There are a few _tetras_ and _guppies_ in the water which you wont be able to see in the pic. Think its going to be difficult getting the balance enough in there so that it looks nice to the observer, but not so many that the T can catch them too easily and so gorge themselves. For obvious reasons keeping to fish that are cheap!

*Front View*

















*Overhead view*

















Set-up all sorted, however more problems getting the H gigas specimen. Ordered it off a well known dealer. Was surprised when it was posted out on Monday as all other orders I placed last week everyone has quite rightly postponed postage until the weather shifts.

The worst happened, the royal mail didn't make and deliveries because of the heavy snow and the T spent an extra night in the sorting office which of course by then the heat pad ran out. 

It was DOA. What didn't help was it started to moult during transit. Made some progress but looks like exoskeleton hardened before it could wriggle out. It appears the cold finished it off.

So now got a fancy set up and no H gigas. :bash: 

Anyway thought id share how the set ups gone, See if anyone else has tried something similar?

Adding the following pics of the dead t. Not to be gross, just to make it crystal clear to anyone posting in this weather of the risks.

*Just unpacked*









*Dorsal Shot*









*Ventral *









*Gun Show
*









Once i have a H gigas settled in there ill get some pics up of it swimming/fishing if i can.


----------



## perthchickie (Mar 15, 2008)

sorry to hear about the loss. Can't believe someone would send out in this weather.

I was quite impressed at seeing robc's H. Gigas actually in the water and it had itself under a bit branch or something and was just chilling out there under the water:lol2:


----------



## Kizzu (Nov 10, 2009)

I can't believe some people continue to send out in this weather, it's completely irresponsible. It seems that common sense isn't so common anymore.

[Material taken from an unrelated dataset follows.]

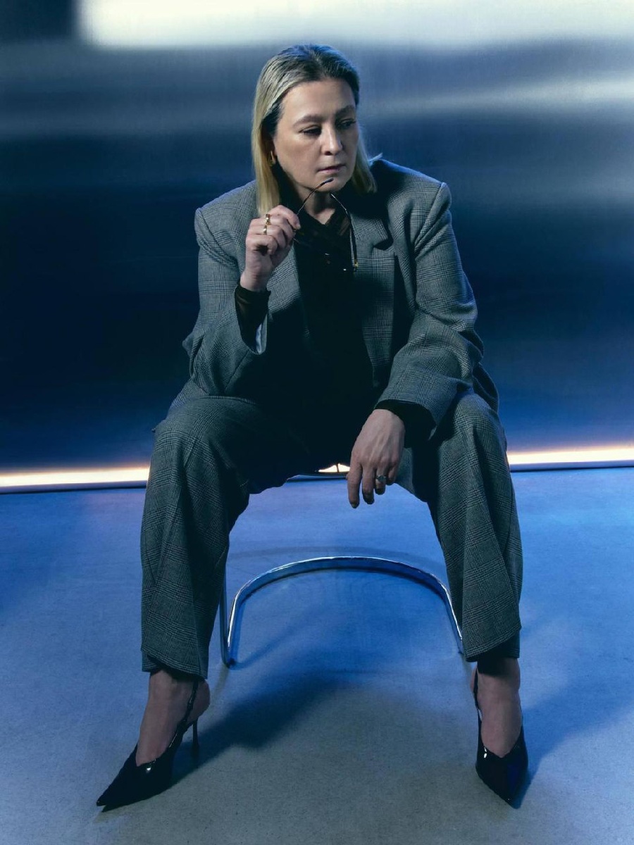 Здесь, среди металла и холодного синего света, Маша Федорова и костюм ДИТРИХ встретились вновь — жакет в клетку с замшевой отделкой, брюки со стрелками и юбка Маша умело миксует их с графичной полоской рубашки и полупрозрачностью лонгслива с драпировками

On a positive note, the tank looks awesome! You'll have to keep updating this thread. I'll definitely be checking back! :2thumb:


----------



## _TiMiSdRuNk_ (Aug 27, 2008)

Hmm they shouldn't of sent it out for three reasons, one it's to cold! Any idiot in there right mind should realise this, two it's still not long after christmas so the post is still crappy, and three the poor spider at that size would of really shown signs of being in pre-moult like not feeding etc. So whoever you got her off i wouldn't buy off them again. 

On a plus side though amazing set up! Be nice to see it with a nice healthy T in there : victory:


----------



## toro9186 (Aug 18, 2009)

Wicked setup Jack, wish i had the time/money/space for one like that!!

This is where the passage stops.